### Your assignment
Lines from the top of the entries down to the line with "Remarque : l'apoA-V" must be set down exactly as they stand, with both ends retained.

[Stored dataset items]
━━━━━━━━━━━━━━━━

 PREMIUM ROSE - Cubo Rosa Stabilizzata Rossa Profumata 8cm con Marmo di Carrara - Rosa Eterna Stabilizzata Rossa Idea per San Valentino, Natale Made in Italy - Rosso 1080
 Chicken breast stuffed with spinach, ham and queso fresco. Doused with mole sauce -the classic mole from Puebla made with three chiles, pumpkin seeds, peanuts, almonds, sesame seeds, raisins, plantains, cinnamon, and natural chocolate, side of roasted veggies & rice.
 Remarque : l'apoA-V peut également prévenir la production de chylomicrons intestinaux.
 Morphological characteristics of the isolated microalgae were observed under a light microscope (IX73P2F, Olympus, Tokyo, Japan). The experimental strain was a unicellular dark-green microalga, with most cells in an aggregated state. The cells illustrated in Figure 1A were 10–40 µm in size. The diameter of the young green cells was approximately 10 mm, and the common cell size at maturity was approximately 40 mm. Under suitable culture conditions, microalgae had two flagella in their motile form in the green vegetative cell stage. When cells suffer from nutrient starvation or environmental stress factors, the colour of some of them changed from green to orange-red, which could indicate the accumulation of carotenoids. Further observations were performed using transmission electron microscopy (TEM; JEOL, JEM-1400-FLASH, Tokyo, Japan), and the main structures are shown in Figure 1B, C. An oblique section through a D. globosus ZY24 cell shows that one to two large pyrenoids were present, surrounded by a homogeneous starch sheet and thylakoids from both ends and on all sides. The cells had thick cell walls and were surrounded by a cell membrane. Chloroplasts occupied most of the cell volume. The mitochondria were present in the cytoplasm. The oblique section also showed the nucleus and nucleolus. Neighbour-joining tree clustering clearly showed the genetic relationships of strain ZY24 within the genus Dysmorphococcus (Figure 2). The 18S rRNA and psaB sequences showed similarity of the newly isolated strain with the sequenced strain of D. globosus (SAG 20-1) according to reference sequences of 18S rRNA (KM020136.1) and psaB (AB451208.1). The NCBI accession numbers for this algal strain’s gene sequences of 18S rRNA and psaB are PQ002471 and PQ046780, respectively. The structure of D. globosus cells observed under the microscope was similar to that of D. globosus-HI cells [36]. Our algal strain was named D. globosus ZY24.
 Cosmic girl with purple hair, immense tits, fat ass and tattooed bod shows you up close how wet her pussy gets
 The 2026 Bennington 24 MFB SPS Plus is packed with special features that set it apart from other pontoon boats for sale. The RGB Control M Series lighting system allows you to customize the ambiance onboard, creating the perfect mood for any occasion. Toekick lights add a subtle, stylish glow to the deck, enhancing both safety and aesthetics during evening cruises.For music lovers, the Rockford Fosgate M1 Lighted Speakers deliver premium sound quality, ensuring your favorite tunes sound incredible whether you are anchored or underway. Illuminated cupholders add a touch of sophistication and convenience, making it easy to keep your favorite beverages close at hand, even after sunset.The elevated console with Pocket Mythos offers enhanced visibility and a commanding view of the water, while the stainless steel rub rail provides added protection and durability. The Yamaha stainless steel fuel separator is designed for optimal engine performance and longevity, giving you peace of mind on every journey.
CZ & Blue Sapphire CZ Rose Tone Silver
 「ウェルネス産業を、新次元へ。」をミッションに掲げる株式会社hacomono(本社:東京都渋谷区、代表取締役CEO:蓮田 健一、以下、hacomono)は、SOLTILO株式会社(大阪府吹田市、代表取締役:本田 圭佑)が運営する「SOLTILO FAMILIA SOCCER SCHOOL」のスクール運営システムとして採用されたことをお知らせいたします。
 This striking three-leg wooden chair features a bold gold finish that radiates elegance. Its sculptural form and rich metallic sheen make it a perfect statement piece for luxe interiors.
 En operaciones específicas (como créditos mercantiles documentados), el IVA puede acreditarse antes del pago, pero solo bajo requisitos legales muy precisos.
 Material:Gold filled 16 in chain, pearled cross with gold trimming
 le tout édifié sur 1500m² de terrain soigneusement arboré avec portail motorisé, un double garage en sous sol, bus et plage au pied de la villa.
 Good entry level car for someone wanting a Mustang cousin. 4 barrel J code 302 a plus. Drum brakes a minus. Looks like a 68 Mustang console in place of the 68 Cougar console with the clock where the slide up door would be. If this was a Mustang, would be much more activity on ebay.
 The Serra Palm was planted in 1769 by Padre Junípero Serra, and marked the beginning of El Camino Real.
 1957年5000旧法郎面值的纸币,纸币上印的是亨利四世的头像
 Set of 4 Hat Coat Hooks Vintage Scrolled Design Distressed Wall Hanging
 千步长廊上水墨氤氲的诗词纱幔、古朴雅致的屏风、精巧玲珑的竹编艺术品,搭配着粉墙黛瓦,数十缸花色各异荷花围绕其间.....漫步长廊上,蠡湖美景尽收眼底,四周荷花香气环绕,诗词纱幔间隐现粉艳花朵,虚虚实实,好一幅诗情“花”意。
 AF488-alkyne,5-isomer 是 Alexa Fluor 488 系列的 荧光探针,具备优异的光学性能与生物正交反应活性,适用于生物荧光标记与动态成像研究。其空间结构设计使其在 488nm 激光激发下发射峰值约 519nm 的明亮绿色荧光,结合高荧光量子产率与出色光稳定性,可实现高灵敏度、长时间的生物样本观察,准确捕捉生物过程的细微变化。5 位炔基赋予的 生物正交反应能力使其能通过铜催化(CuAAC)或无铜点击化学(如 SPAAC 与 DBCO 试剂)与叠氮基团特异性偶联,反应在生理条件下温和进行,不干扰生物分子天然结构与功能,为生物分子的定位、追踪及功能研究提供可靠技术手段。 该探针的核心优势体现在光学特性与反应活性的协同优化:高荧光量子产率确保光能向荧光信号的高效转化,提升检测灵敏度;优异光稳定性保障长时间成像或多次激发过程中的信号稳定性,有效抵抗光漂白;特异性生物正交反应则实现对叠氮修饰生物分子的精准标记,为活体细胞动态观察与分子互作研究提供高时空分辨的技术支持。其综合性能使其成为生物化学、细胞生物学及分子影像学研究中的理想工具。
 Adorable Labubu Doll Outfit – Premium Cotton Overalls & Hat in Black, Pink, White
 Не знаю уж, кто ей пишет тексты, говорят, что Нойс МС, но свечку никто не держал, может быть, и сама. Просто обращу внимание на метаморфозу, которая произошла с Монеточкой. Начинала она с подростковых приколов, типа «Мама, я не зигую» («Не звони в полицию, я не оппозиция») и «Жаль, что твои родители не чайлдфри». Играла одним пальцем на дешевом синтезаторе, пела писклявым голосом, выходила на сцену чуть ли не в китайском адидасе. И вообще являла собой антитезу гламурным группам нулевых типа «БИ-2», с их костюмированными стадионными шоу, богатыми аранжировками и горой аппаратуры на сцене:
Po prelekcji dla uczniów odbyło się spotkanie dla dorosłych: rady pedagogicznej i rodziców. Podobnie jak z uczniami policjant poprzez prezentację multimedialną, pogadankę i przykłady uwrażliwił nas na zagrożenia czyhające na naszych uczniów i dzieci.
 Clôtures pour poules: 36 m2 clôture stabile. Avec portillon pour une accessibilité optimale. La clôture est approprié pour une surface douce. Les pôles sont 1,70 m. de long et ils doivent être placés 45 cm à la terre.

━━━━━━━━━━━━━━━━

### Exercise response
 PREMIUM ROSE - Cubo Rosa Stabilizzata Rossa Profumata 8cm con Marmo di Carrara - Rosa Eterna Stabilizzata Rossa Idea per San Valentino, Natale Made in Italy - Rosso 1080
 Chicken breast stuffed with spinach, ham and queso fresco. Doused with mole sauce -the classic mole from Puebla made with three chiles, pumpkin seeds, peanuts, almonds, sesame seeds, raisins, plantains, cinnamon, and natural chocolate, side of roasted veggies & rice.
 Remarque : l'apoA-V peut également prévenir la production de chylomicrons intestinaux.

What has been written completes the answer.